The marine insurance market has been “caught in a net of nationalism” as growing geopolitical risk and sanctions test the market like never before.

Speaking at the end of its winter meeting in London, International Union of  Marine Insurance (IUMI) president Frédéric Denèfle said the ongoing issues around war risks in Ukraine, further sanctions on Russian oil exports, sanctions against Iran and new threats from the Iranian government over transit for vessels in the Persian Gulf was just some of a multitude of risks which faced marine insurers and their clients.

“We have all kinds of issues affecting the market,” he explained. “The market is operating in a very difficult environment. We are facing polycrises. A crisis in the economy with inflation, a crisis with the geopolitical situation, a crisis with the internal market and its efforts to meet the needs of our clients, and a crisis with the relationship with our reinsurers at renewal.”

Denèfle added insurers had been shocked by the tough line the reinsurance sector had taken with the primary, markets over capacity for war risks and the cost of the invasion of Ukraine continue to mount.

The end of this month will see a year to the start of the invasion of Ukraine at which time the owners of the 40-45 vessels still trapped in Ukrainian ports will be able to lodge claims for the total write off of their vessels. If they do so it will leave the insurers with a bill estimated to be in excess of $700 million.

“As a result of the continuing war in Ukraine, the reinsurance market is unwilling to provide cover for risks involved in insuring maritime vessels in the region,” he explained. “Stakeholders had to find solutions for these risks and provide contracts on the hull and cargo said. The challenge insurance companies face: How they would find their way around the risks without the support of reinsurers.”

The solution it seems has been for the risks to be spread across a wider co-insurance programme with more insurers taking a smaller percentage of the risks. It has created the challenge of understanding the accumulation threat for underwriters, given the safety net provided by reinsurers has been removed.
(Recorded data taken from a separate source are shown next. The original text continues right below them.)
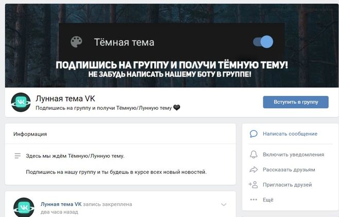 Введение темной темы для андроидов сделали интереснее — ее можно включить, написав комментарий «темная тема» в соцсети под любой записью.
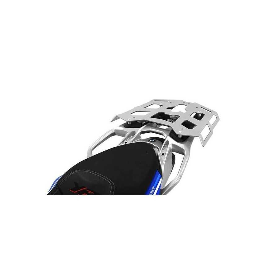 Questo portapacchi verniciato a polvere argento è realizzato in alluminio di 4 mm di spessore e tagliato al laser. Può essere montato sulla piastra di supporto originale per aumentare la superficie del rack. Gli slot per le cinghie di fissaggio fissano il bagaglio direttamente sul portapacchi.
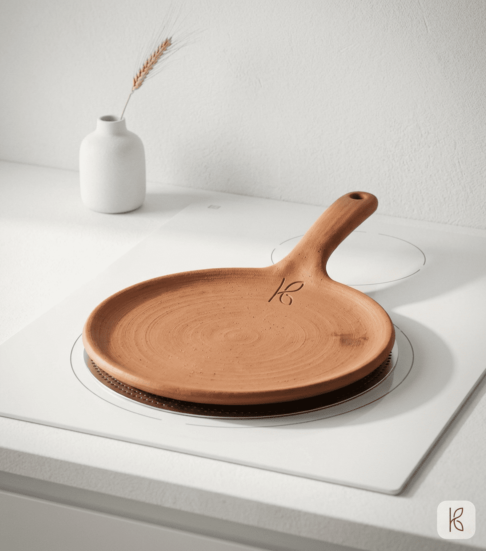 The clay tawa’s advantage over iron for roti-making comes down to temperature recovery. When you place a cold roti on a hot iron tawa, the iron’s temperature drops instantly and then recovers sharply — creating a 30-second window of uneven cooking as the iron races back to temperature. Clay’s lower thermal diffusivity means the temperature drops more gradually and recovers more gradually, giving the roti time to set evenly before the surface reheats. Fewer hot-spot burns. More consistent puffing.
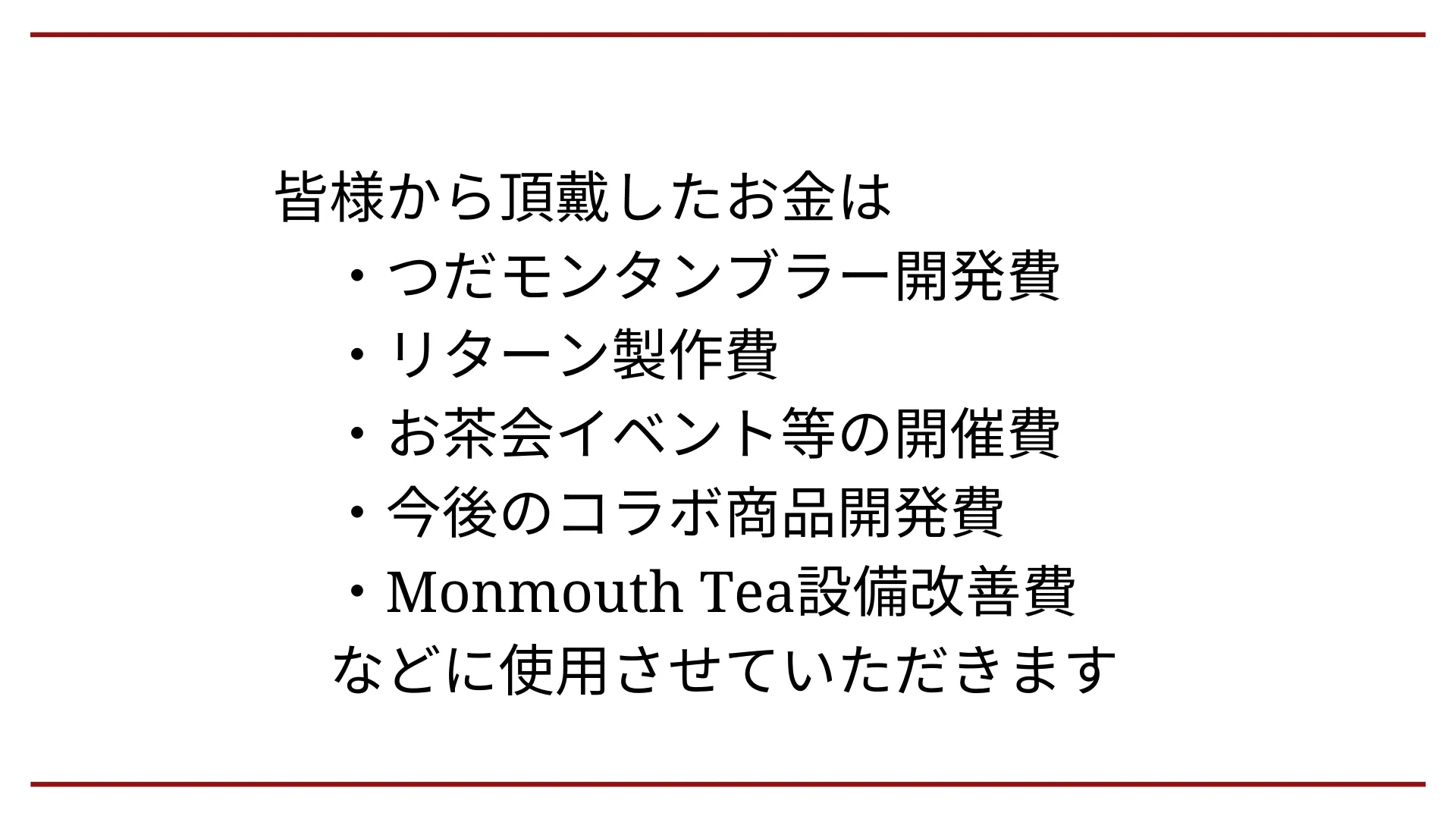 今回のクラウドファンディングを通して、私たちの大好きな千駄ヶ谷とモンマスティーの魅力をより多くの人に伝えていきたいと思います。皆様のご支援・ご声援を、どうぞよろしくお願いいたします。
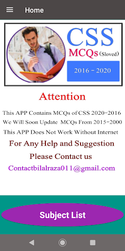 📚 CSS MCQs App is one if the best to be ready early for your exams. This handy app is great for CSS students to get ultimate access to nearly all well-structured MCQs for number of subjects. Using CSS MCQs Application you can learn anytime anywhere. Now you do not need to sit at specific place and read by using CSS MCQs you can prepare your exams in number of subjects in very short time.
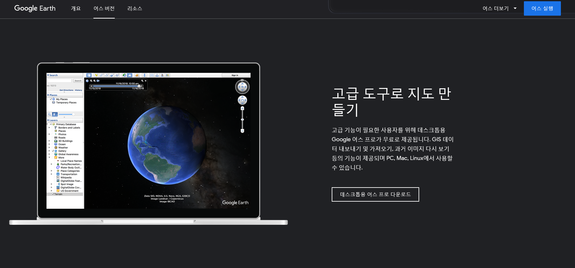 데스크톱용 어스 프로 - 구글어스 한글판 무료 다운로드

Denèfle said insurers were now keen to understand where there vessels were, how long they were intending to stay in waters deemed a war risk, and how many other vessels they insured were also in the area.

He said the situation was complicated by “facing new sanctions”.

“In recent days we have seen new sanctions on Russia, we have sanctions against Iran, sanctions taken by Iran in response to those sanctions and new threats from Iran around navigation through the waters of the Persian Gulf,” he explained. “Marine insurance is caught in a net of nationalism.”

“Iran imposed sanctions on individuals and entities from the European Union and Britain. This was in reaction to similar measures they have taken over Tehran’s response to months-long protests.

“The impact of the actions means that Iran will halt shipping trade against any nation that has raised sanctions and embargos against their interests, which have enormous implications for the Persian Gulf.

“With the ten most prominent and active ports globally in China and the most significant volume shipped from China, the marine insurance industry will have to monitor the ongoing threat in Southeast Asia and the increasing tension between China and Taiwan.”

Denèfle concluded: “We have to find solutions to cope with these challenges and to understand these regulation and how they work,” Denèfle added. “We are trying to create a structure and deliver a positive message to our clients. We need to show how resilient we are.”

The end of this month will see a year to the start of the invasion of Ukraine at which time the owners of the 40-45 vessels still trapped in Ukrainian ports will be able to lodge claims for the total write off of their vessels. If they do so it will leave the insurers with a bill estimated to be in excess of $700 million.